After a company decides to go public and its shares begin to trade on a stock exchange. After this process, supply and demand determine its share price for the company’s shares in the market. In case of high demand for its shares according to some favorable factors, the price will rise. If the firm’s future growth potential doesn’t seem reasonable, sellers of the stock can decrease its cost.

For example, let’s say that Microsoft trades for $71.43 on a particular day and has around 7.8 billion shares. Consider also that the company has a value of around $71.43 x 7.8 billion = $557.154 billion. Let’s take this one step and follow the idea. We can notice that Facebook, which has a $167.45 stock price and 2.38 billion shares (market cap = $396.8 billion), is worth less than a firm with a $71.42 stock price and 7.8 billion shares (market cap = $557.154 billion).

Misunderstandings About Market Capitalization

However, some people often use it to describe a company (for example, terms such as large-cap and small-cap). However, we should note that the market cap can not measure the value of a company’s assets. Only a careful analysis of the fundamentals of the company can do that. Market capitalization is an incomplete way to value a business because the basis of its market price can not fundamentally reflect how much a piece of the company is worth. The market sometimes overvalues or undervalues shares. The market price can only determine how much it is willing to pay for shares and not how much it is worth. 
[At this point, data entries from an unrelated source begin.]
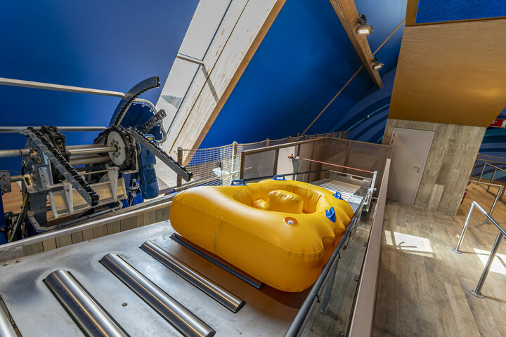 To overcome the 17-metre height difference, the double sliding rafts are placed on a five-metre-long roller table by the passengers. When the traffic lights turn green, a park employee pushes them onto a lifting system with a conveyor, which finally sends every tube upwards.
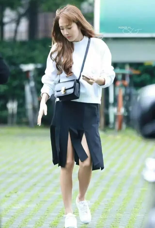 搭配开叉裙也是一个不错的选择,比较灵动特别,Jessica就是纯色白色卫衣+开衩黑色半裙,照样很耐看。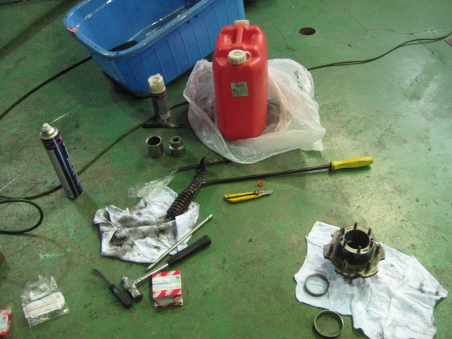 東京都 ランクル80 リヤデフオーバーホール・リヤアクスルシャフトベアリング交換・リヤドラムライニングシュー交換。。。
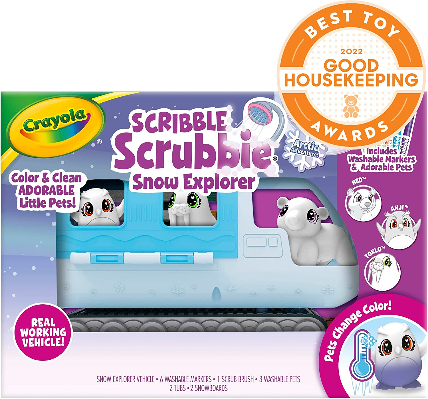 Embark on a colorful adventure with the Crayola Scribble Scrubbie Pets Arctic Snow Explorer set! Designed for children ages 3 to 6, this delightful playset includes everything needed for imaginative play. With 3 Color-Change Pets, 6 vibrant markers, and an explorer vehicle that doubles as a storage solution, kids can unleash their creativity as they customize their adorable toy pets. The unique color-changing feature adds an extra layer of excitement; simply place the pets in the freezer or expose them to sunlight to witness their transformation from white to blue.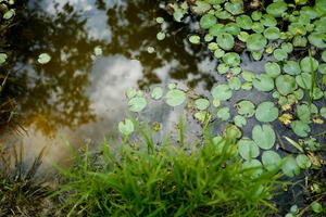 The photograph captures a serene pond surface, adorned with floating lily pads that mirror the soft, cloudy sky above. Lush green grass frames the bottom, inviting a sense of tranquility and connection to nature. The subdued lighting enhances the reflective quality of the water, creating a harmonious blend of elements that soothe the soul.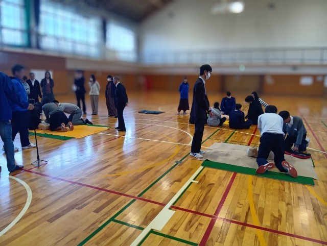 今日は大東市青少年指導員様のご配慮により、大東・四條畷消防本部より3名の救急隊を本校にお招きして、救急救命講習を行いました。各部の部長と生徒会役員、地域の方や先生方と一緒に本物の講習を受けました。私たち教職員にとっても、毎年行っている救急救命講習に加え、新たな学びがありました。また、講習会終了後には、青少年指導員様から学校図書館に本の寄贈をしていただきました。大切に使わさせていただきます。ありがとうございました。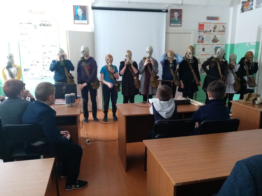 4 марта в школе проводилось открытый урок по ОБЖ по теме ГО. Ученики ещё раз напомнили действия при ЧС. На практической части прошли состязания по одеванию противогаза и по оказанию первой мед. помощи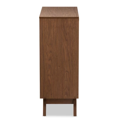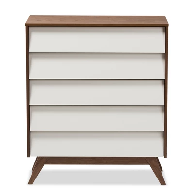 Featuring two-tone finishing in walnut and white, the Hildon is a mid-century modern collection that will attract all of the attentions. The slanted design of the drawers gives it extra character and individual style while the splayed legs showcasing the retro modern look of the collection. Constructed of engineered wood, the Hildon 5-drawer storage chest provides you with extra storage space for your lingerie’s, linen and clothes. Set on four walnut finished legs which elevate the drawers from the floor, this storage chest of slanted drawers are a great addition to any bedroom. The Hildon sets a tone for any room which is what mid century style is all about. Made in Malaysia, the Hildon 5-drawer storage chest requires assembly.

In addition to that, it measures the price of buying all of a firm’s shares. However, the company’s market cap can not determine the value the company might cost to get in an alliance transaction.

Sometimes people use a market cap synonymously with a firm’s market value. Therefore, it is essential to keep in mind that a market cap applies only to the market value of a company’s assets instead of including its overall market value, including the value of its debt or investments.

The post Market Capitalization and Company’s Stock Price: Explained appeared first on FinanceBrokerage.